4	`pvc-couchbase-cb-example-0005-00-default`: The `default` PVC needs to be defined in the temporary pod’s `volumes`, and requires two mounts in `volumeMounts`: `subPath: default` must be mounted at `/opt/couchbase/etc` `subPath: etc` must be mounted at `/opt/couchbase/var/lib/couchbase`
5	`pvc-couchbase-cb-example-0005-00-data`: A `data` PVC, if returned, needs to be defined in the temporary pod’s `volumes`, and requires a single mount in `volumeMounts` that must be mounted as `/mnt/data`.
6	`pvc-couchbase-cb-example-0005-00-index`: An `index` PVC, if returned, needs to be defined in the temporary pod’s `volumes`, and requires a single mount in `volumeMounts` that must be mounted as `/mnt/index`.
7	`pvc-couchbase-cb-example-0005-00-analytics-00`: An `analytics` PVC, if returned, needs to be defined in the temporary pod’s `volumes`, and requires a single mount in `volumeMounts` that must be mounted as `/mnt/analytics-00`. Note, however, that if multiple analytics PVCs are returned, they will have different numeric suffixes. Each unique `analytics` PVC that is returned needs to be defined in `volumes`, with each requiring its own individual mount in `volumeMounts`. For example: `pvc-couchbase-cb-example-0005-00-analytics-01` would be mounted as `/mnt/analytics-01`.

Once the temporary pod is created (with the PVCs correctly mounted), run cbcollect_info to collect the logs. A typical command would resemble the following:
```
$ kubectl exec -ti pod/cb-example-0005 /opt/couchbase/bin/cbcollect_info /tmp/cbinfo-default-cb-example-0005-$(date +%y%m%dT%H%M%S%z)
```
The pod/cb-example-0005 name refers to the name given to the temporary pod in the example configuration from the previous step. The convention for logs is cbinfo, namespace, pod name, timestamp.

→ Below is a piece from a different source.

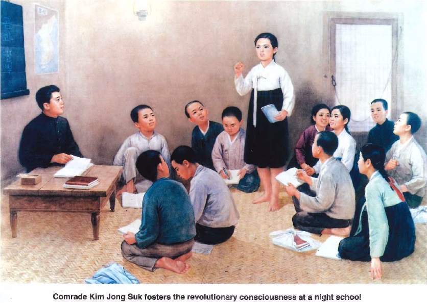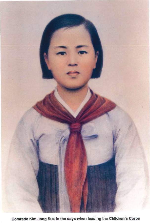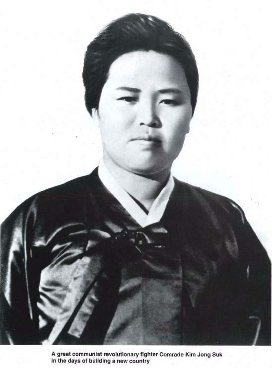 Soudružka Kim Čong Suk, revoluční vojačka nejvěrnější velkému vůdci soudruhu Kim Ir Senovi, velká komunistická revoluční bojovnice a matka revoluce, se narodila 24. 12. 1917 ve městě Herjongu v provincii Severní Hamgjong ve vlastenecké a revoluční rodině. Na jaře 1922 rodina odešla do Číny v naději na lepší živobytí. V dětském věku soudružka Kim Čong Suk přišla o starší sestru a otce. Jejího bratra zabili japonští okupanti. Chudá a utlačená začala chápat rozpory vykořisťovatelské společnosti.

Once the logs have finished being collected, download them to localhost.

$ kubectl cp default/cb-example-0005:/tmp/cbcollectinfo-default-cb-example-0005-181005T154746+0100.zip .

After successfully downloading the logs, make sure to delete the temporary pod.
```
$ kubectl delete pod cb-example-0005
```
Resume the Autonomous Operator’s management of the Couchbase cluster either by removing couchbaseclusters.spec.paused or setting it to false.